We need to mark the file as executable and test it:

chmod +x fastq-filter-length.sh

# check with ls, filter_fastq.sh should be green now
# and using ll you should see the 'x' (eXecutable) permission
ls
ll

# and run it (the ./ is important!)
./fastq-filter-length.sh

Now collect your code from above (contents of your function, not the whole function) and paste it below the shebang. Don’t forget to remove the debug echo parts - otherwise your script will spoil it’s output with some useless chatter.

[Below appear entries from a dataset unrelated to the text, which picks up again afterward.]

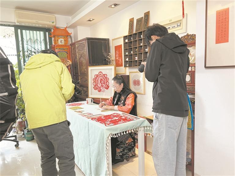 国家级非遗代表性传承人黄丽凤向节目组展示泉州(李尧宝)刻纸技艺(市文旅局供图)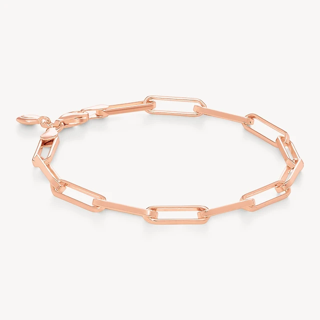 Bracelet en argent sterling à placage en or rose 14K à cœur et à pavé
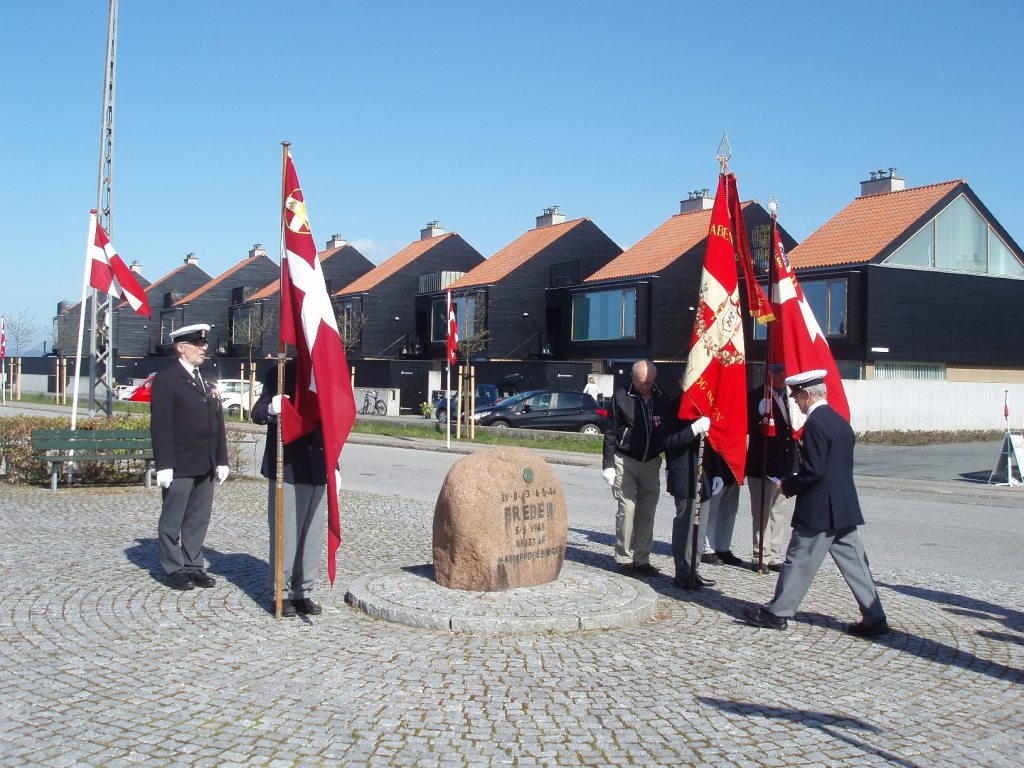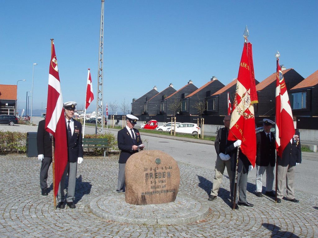 Mindehøjtidelighed ved foreningens mindesten på Havnen i anledning af 71-års for Danmarks befrielse efter den tyske besættelse, 1940-45.

# when the final code is there, you need to give it input (and maybe save the output):
<data/HRTMUOC01.RL12.01.fastq ./fastq-filter-length.sh 90 > data/filtered.fastq

Multi-file, multi-core processing

Multi-file processing is best done with find and xargs. That’s basic UNIX. If you install parallel, it substitutes xargs and does much better job, having ‘nicer’ syntax, and makes multi-file multi-core processing a breeze.

Let’s check the basic concepts - find converts directory structure to ‘data’ (stdout), xargs converts stdin to command line(s).

# Investigate!

find data -type f

find data -type f | xargs echo

find data -type f | xargs -I{} echo File: {} found!

parallel runs one instance of the command per each CPU in your machine. Regrettably your virtual machine has only one CPU, so this won’t help much. But modern machines do have four and more CPUs, and then it really helps.

Do control the number of jobs (-j) only when sharing the machine with someone, or when you’re sure that your task is IO bound. Otherwise parallel does a good job choosing the number of tasks to run for you.

Note

Parallelizing things IS difficult. There’s no discussion about that. There are some rules of thumb, which can help - but if you want to squeeze out the maximum performance from your machine, it’s still a lot of ‘try - monitor performance - try again’ cycles.

To get good performance it is important to know what happens during data procsesing: First the data is loaded from hard drive to memory, then from memory to the CPU, the CPU does the calculation, then the results have to get to the memory and saved to the hard drive again. Different workloads take different amounts of time in each step.

_images/data-processing.png

In general, you need a work unit which takes much longer to calculate than it takes to load the data from the hard drive (compare times of pv data > /dev/null to pv data | your-task > /dev/null), usually a good work unit takes on the order of minutes. When disk access seems to be the limiting factor, you can try to compress the data with some fast compressor like lz4. Do not parallelize disk intensive tasks, it will make things only slower! If you still want to use parallel’s syntax, use parallel -j1 to use only single core.

The most powerful thing about parallel is it’s substitution strings like {.}, {/}, {#} - check man parallel.

parallel echo Ahoj ::: A B C

parallel --dry-run echo Ahoj ::: A B C

parallel echo File: {} found! ::: data/*.fastq

parallel echo File: {/} found! ::: data/*.fastq

parallel echo File: {/.} found! ::: data/*.fastq

Note

If your data is a single file, but the processing of one line is not dependent on the other lines, you can use the split command to create several files each with defined number of lines from the original file.